Адресов доставки было немного, не более 60-70, и справлялся он с ними за полдня. Мог бы и ещё скорее, если бы не проклятые кодовые замки на подъездах. Они заставляли мечтать о магическом «сезам, откройся!», который бы их распахивал. Но магическим словом Широков не обладал, и для проникновения в подъезды частенько подолгу стоял у дверей и ждал оказии, пока кто-нибудь из жильцов не войдёт или не выйдет.

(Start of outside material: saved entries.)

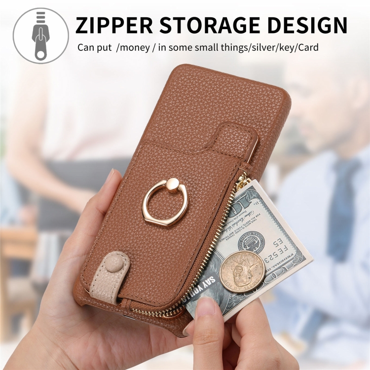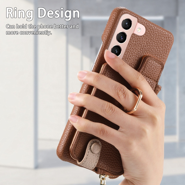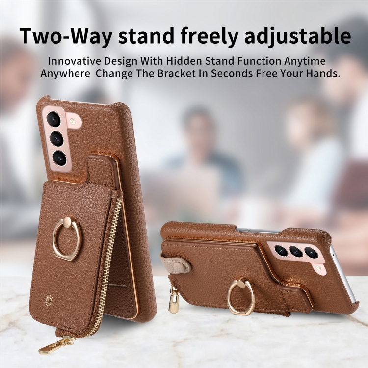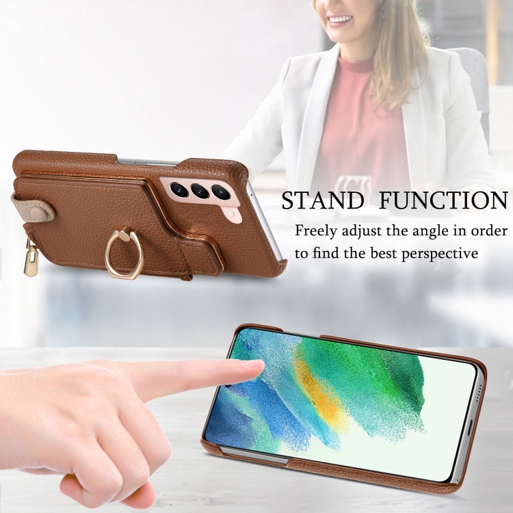 Funda para Samsung Galaxy S21 5G Litchi Leather Oil Edge Ring Zipper Wallet Back (Marrón)
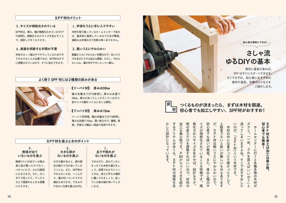 市販の手頃で便利なリメイクグッズの活用法から、プランタースタンド、2WAYテーブル、収納ボックス付きチェスト、引き出し付き収納、収納付きベンチ、壁掛けシェルフ、物干しスタンド、アイロン台など、初心者でも作れるオシャレでかわいい家具のレシピ付き!
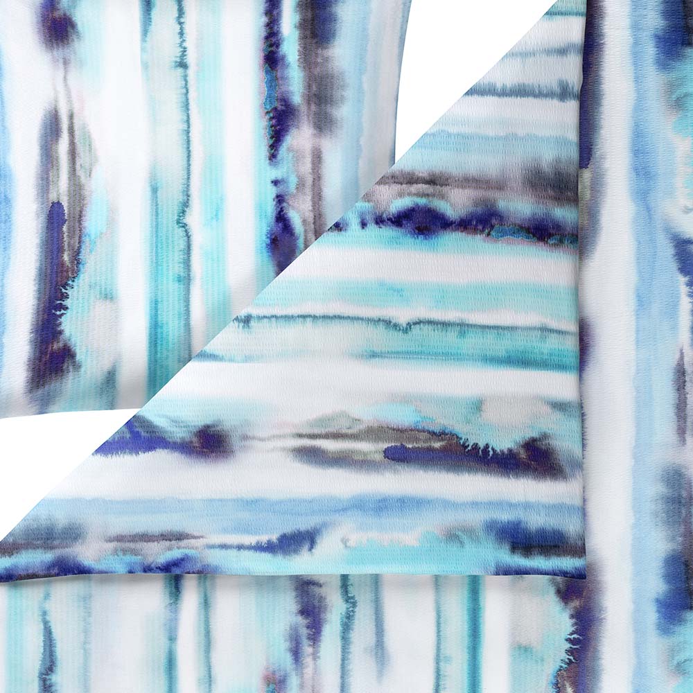 Ihr fließendes Aquarell-Design in sanften Azur-, Blau- und Graunuancen erinnert an Wasserreflexe im Sonnenlicht – beruhigend, frisch und stilvoll zugleich.
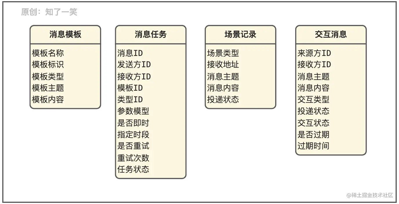 - 场景记录:消息最终推送出去的内容和场景分类,也可以简单的理解为不同渠道的投递记录;
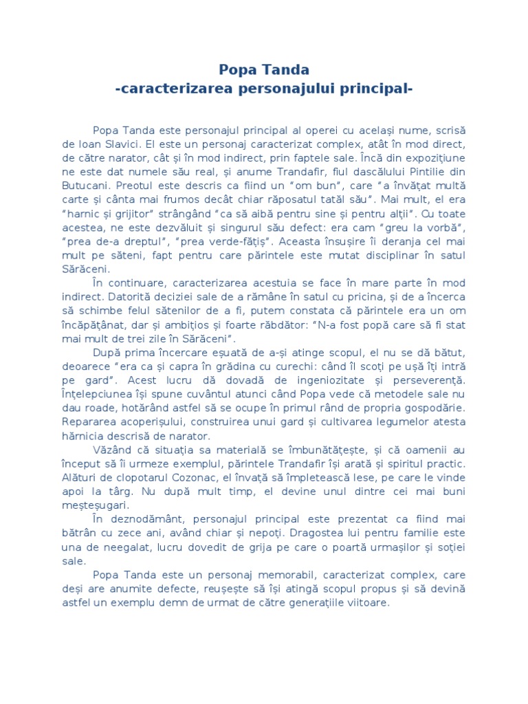 Caracterizarea Lui Popa Tanda Din Opera Popa Tanda De Ioan Slavici 150 250 Cuvinte Brainly Ro
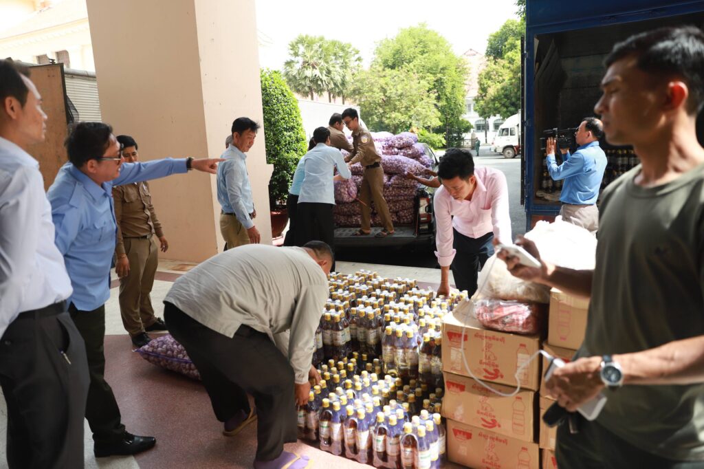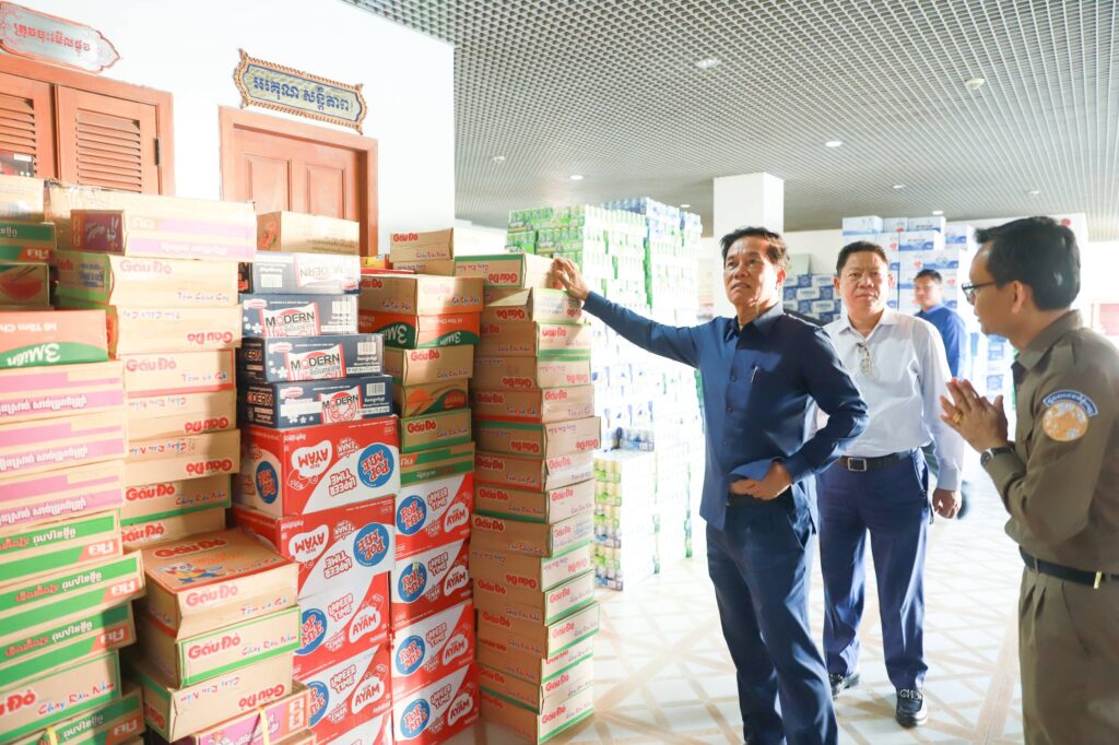 ភ្នំពេញ៖ លោក ឃួង ស្រេង អភិបាលរាជធានីភ្នំពេញ នារសៀលថ្ងៃទី៥ ខែមករា ឆ្នាំ២០២៦នេះ បានអញ្ជើញ ពិនិត្យមើលទីតាំង ប្រគល់និងទទួលអំណោយ ព្រមទាំងពិនិត្យអំណោយដែលសប្បុរសជន បានប្រគល់ជូនរដ្ឋបាលរាជធានីភ្នំពេញ ដើម្បីបែងចែកជូនដល់វីរកងទ័ពជួរមុខ និង ជនភៀសសឹក។

С бабушкой Петровой, правда, чуть ли не единственной из его получателей, такой необходимости не возникало: она при подписке сообщила код замка, и он значился в «подписном блокноте» Широкова. Алексей нажал четыре искомые цифры, и замок глухо брякнул. Он открыл дверь и учтиво предложил давно сидевшему на крыльце толстому рыжему коту: «Прошу вас». Кот с достоинством, не торопясь проследовал в подъезд, а вслед за ним стал подниматься по лестнице и Широков.
Наличие людей с самыми простенькими фамилиями, - Ивановых, Петровых, Васильевых, Захаровых и т.п., - показывает, насколько близок данный населённый пункт к «почве». Если их много, значит, население здесь не сильно перемешанное пришлыми, сохранившее что-то от первоначальной патриархальности. Исходя из такого критерия, их городок был средним. Ивановы-Петровы встречались, но не в большом количестве. Петровы, к которым шел Широков, жили на третьем этаже. Улыбчивая, немногословная бабушка и её мрачноватый, насупленный дед.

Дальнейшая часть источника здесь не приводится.